Personal information
- Date of birth: 13 May 1955 (age 70)
- Original team(s): Redan (Ballarat FL)
- Height: 191 cm (6 ft 3 in)
- Weight: 87 kg (192 lb)

Playing career^{1}
- Years: Club / Games (Goals)
- 1973–1983: Essendon / 151 (32)
- 1984: Collingwood / 006 0(8)
- Total:  / 157 (40)
- ^{1} Playing statistics correct to the end of 1984.

= Ron Andrews =

Australian rules footballer (born 1955)

Ron Andrews (born 13 May 1955) is a former Australian rules footballer who played with Essendon and Collingwood in the VFL.
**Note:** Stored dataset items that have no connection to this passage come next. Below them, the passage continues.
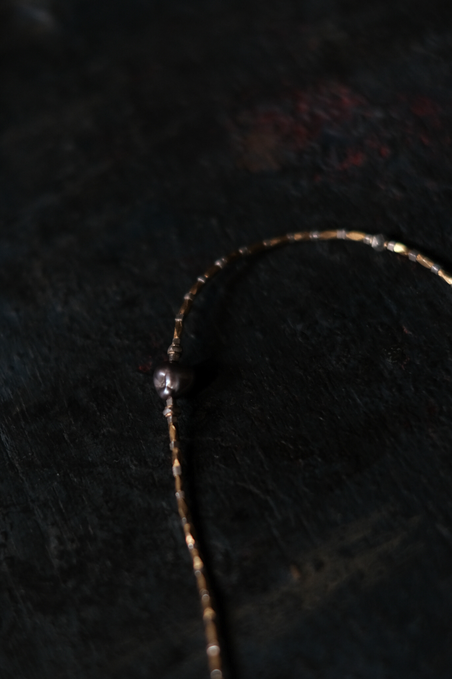 銀黒色に染色された極小の淡水パール。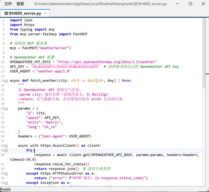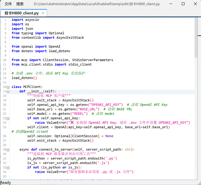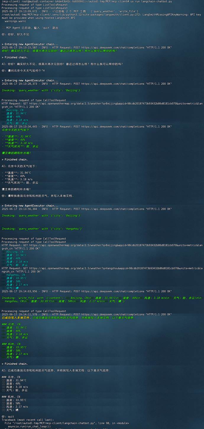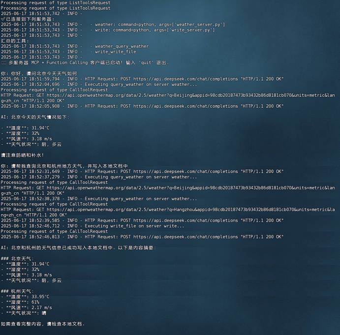 | Python import asyncio import json import logging import os import shutil from contextlib import AsyncExitStack from typing import Any, Dict, List, Optional import httpx from dotenv import load_dotenv from openai import OpenAI # OpenAI Python SDK from mcp import ClientSession, StdioServerParameters from mcp.client.stdio import stdio_client # Configure logging logging.basicConfig( level=logging.INFO, format="%(asctime)s - %(levelname)s - %(message)s" ) # ============================= # 配置加载类(支持环境变量及配置文件) # ============================= class Configuration: """管理 MCP 客户端的环境变量和配置文件""" def __init__(self) -> None: load_dotenv() # 从环境变量中加载 API key, base_url 和 model self.api_key = os.getenv("LLM_API_KEY") self.base_url = os.getenv("BASE_URL") self.model = os.getenv("MODEL") if not self.api_key: raise ValueError("❌ 未找到 LLM_API_KEY,请在 .env 文件中配置") @staticmethod def load_config(file_path: str) -> Dict[str, Any]: """ 从 JSON 文件加载服务器配置 Args: file_path: JSON 配置文件路径 Returns: 包含服务器配置的字典 """ with open(file_path, "r") as f: return json.load(f) # ============================= # MCP 服务器客户端类 # ============================= class Server: """管理单个 MCP 服务器连接和工具调用""" def __init__(self, name: str, config: Dict[str, Any]) -> None: self.name: str = name self.config: Dict[str, Any] = config self.session: Optional[ClientSession] = None self.exit_stack: AsyncExitStack = AsyncExitStack() self._cleanup_lock = asyncio.Lock() async def initialize(self) -> None: """初始化与 MCP 服务器的连接""" # command 字段直接从配置获取 command = self.config["command"] if command is None: raise ValueError("command 不能为空") server_params = StdioServerParameters( command=command, args=self.config["args"], env={**os.environ, **self.config["env"]} if self.config.get("env") else None, ) try: stdio_transport = await self.exit_stack.enter_async_context( stdio_client(server_params) ) read_stream, write_stream = stdio_transport session = await self.exit_stack.enter_async_context( ClientSession(read_stream, write_stream) ) await session.initialize() self.session = session except Exception as e: logging.error(f"Error initializing server {self.name}: {e}") await self.cleanup() raise async def list_tools(self) -> List[Any]: """获取服务器可用的工具列表 Returns: 工具列表 """ if not self.session: raise RuntimeError(f"Server {self.name} not initialized") tools_response = await self.session.list_tools() tools = [] for item in tools_response: if isinstance(item, tuple) and item[0] == "tools": for tool in item[1]: tools.append(Tool(tool.name, tool.description, tool.inputSchema)) return tools async def execute_tool( self, tool_name: str, arguments: Dict[str, Any], retries: int = 2, delay: float = 1.0 ) -> Any: """执行指定工具,并支持重试机制 Args: tool_name: 工具名称 arguments: 工具参数 retries: 重试次数 delay: 重试间隔秒数 Returns: 工具调用结果 """ if not self.session: raise RuntimeError(f"Server {self.name} not initialized") attempt = 0 while attempt < retries: try: logging.info(f"Executing {tool_name} on server {self.name}...") result = await self.session.call_tool(tool_name, arguments) return result except Exception as e: attempt += 1 logging.warning( f"Error executing tool: {e}. Attempt {attempt} of {retries}." ) if attempt < retries: logging.info(f"Retrying in {delay} seconds...") await asyncio.sleep(delay) else: logging.error("Max retries reached. Failing.") raise async def cleanup(self) -> None: """清理服务器资源""" async with self._cleanup_lock: try: await self.exit_stack.aclose() self.session = None except Exception as e: logging.error(f"Error during cleanup of server {self.name}: {e}") # ============================= # 工具封装类 # ============================= class Tool: """封装 MCP 返回的工具信息""" def __init__(self, name: str, description: str, input_schema: Dict[str, Any]) -> None: self.name: str = name self.description: str = description self.input_schema: Dict[str, Any] = input_schema def format_for_llm(self) -> str: """生成用于 LLM 提示的工具描述""" args_desc = [] if "properties" in self.input_schema: for param_name, param_info in self.input_schema["properties"].items(): arg_desc = f"- {param_name}: {param_info.get('description', 'No description')}" if param_name in self.input_schema.get("required", []): arg_desc += " (required)" args_desc.append(arg_desc) return f""" Tool: {self.name} Description: {self.description} Arguments: {chr(10).join(args_desc)} """ # ============================= # LLM 客户端封装类(使用 OpenAI SDK) # ============================= class LLMClient: """使用 OpenAI SDK 与大模型交互""" def __init__(self, api_key: str, base_url: Optional[str], model: str) -> None: self.client = OpenAI(api_key=api_key, base_url=base_url) self.model = model def get_response(self, messages: List[Dict[str, Any]], tools: Optional[List[Dict[str, Any]]] = None) -> Any: """ 发送消息给大模型 API,支持传入工具参数(function calling 格式) """ payload = { "model": self.model, "messages": messages, "tools": tools, } try: response = self.client.chat.completions.create(**payload) return response except Exception as e: logging.error(f"Error during LLM call: {e}") raise # ============================= # 多服务器 MCP 客户端类(集成配置文件、工具格式转换与 OpenAI SDK 调用) # ============================= class MultiServerMCPClient: def __init__(self) -> None: """ 管理多个 MCP 服务器,并使用 OpenAI Function Calling 风格的接口调用大模型 """ self.exit_stack = AsyncExitStack() config = Configuration() self.openai_api_key = config.api_key self.base_url = config.base_url self.model = config.model self.client = LLMClient(self.openai_api_key, self.base_url, self.model) # (server_name -> Ser
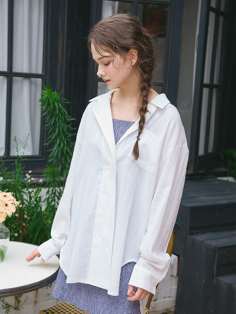 TEMU 화이트 긴팔 셔츠 & 재킷, 니안 니안|셔츠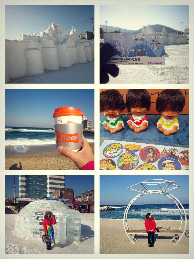 한파속에 망설이다 눈꽃축제 여행을 다녀왔습니다. 지난 2주간 드라마에 빠져 허우적대다가 드라마도 종영했겠다 다시 여행을 가볼까 하고 추울때 제맛일거 같아 대관령 여행을 왔는데 어찌나 춥던지 핫팩과 방한복 어그로 무장을 해도 내려서 시간을 어떻게 보낼까 난감했습니다. 그러나! 설원에서 만난 신기한 경험. 오늘 김덕수 노리패의 공연을 앞두고 음향 테스트한다고 앰프에서 걸그룹 노래가 빵빵나오는데 가사가 어찌나 예쁘던지 (아!츄! 재채기가 난대네요 ㅎㅎ) 넋을 놓고 듣다보니 영하의 날씨인데도 마음이 따뜻해지고 나도모르게 어깨춤을 추게 되더군요. 하얀 설경에 음악 하나가 이렇게 또 나를 감성깡패로 만들어놓고 잠시뒤 추억 체험장 비닐 하우스 건물안에서는 1989년 추억의 소품들이 나를 반겨 몸도 녹이고 시간도 잘 보냈습니다. 그리고 주문진항에서는 생선구이 먹고 하고 싶은거 다 해보고 대구로 왔어요 오늘 박도현 가이드님 수습가이드님 새해 복 많이 받으세요!!!!!! |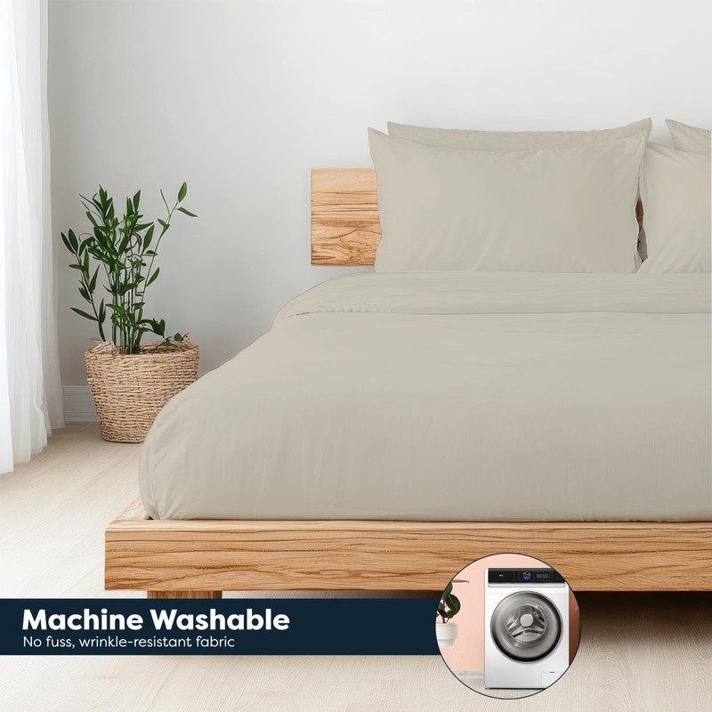ChComfort Deep King Size Fitted Sheet with 2 Matching Pillowcase - Beige Microfiber, All-Around Elastic 40cm depth, Wrinkle-Free, Fade Resistant - Suitable for All! (Beige, King)

Andrews was a centre half-back and had a reputation throughout his career as being a tough and uncompromising player. A regular visitor to the VFL tribunal, he missed a total of 24 games through suspension, with perhaps the most notable suspension coming in the aftermath of the 'Windy Hill Brawl' in 1974. At half-time in that game against Richmond, he king hit an opponent and was subsequently suspended for six weeks.

He played his best football in the late 1970s, finishing second in Essendon's 1976 best and fairest and representing the Victorian interstate team in 1977 and 1978. In the 1982 season he was club captain and led them into the finals before losing to North Melbourne in the Elimination Final.

Andrews crossed to Collingwood in 1984 after missing out on selection in Essendon's Grand Final side the previous September. He remained at Collingwood for just one season and then joined West Adelaide in the SANFL and topped their goalkicking in his first year with 51 goals.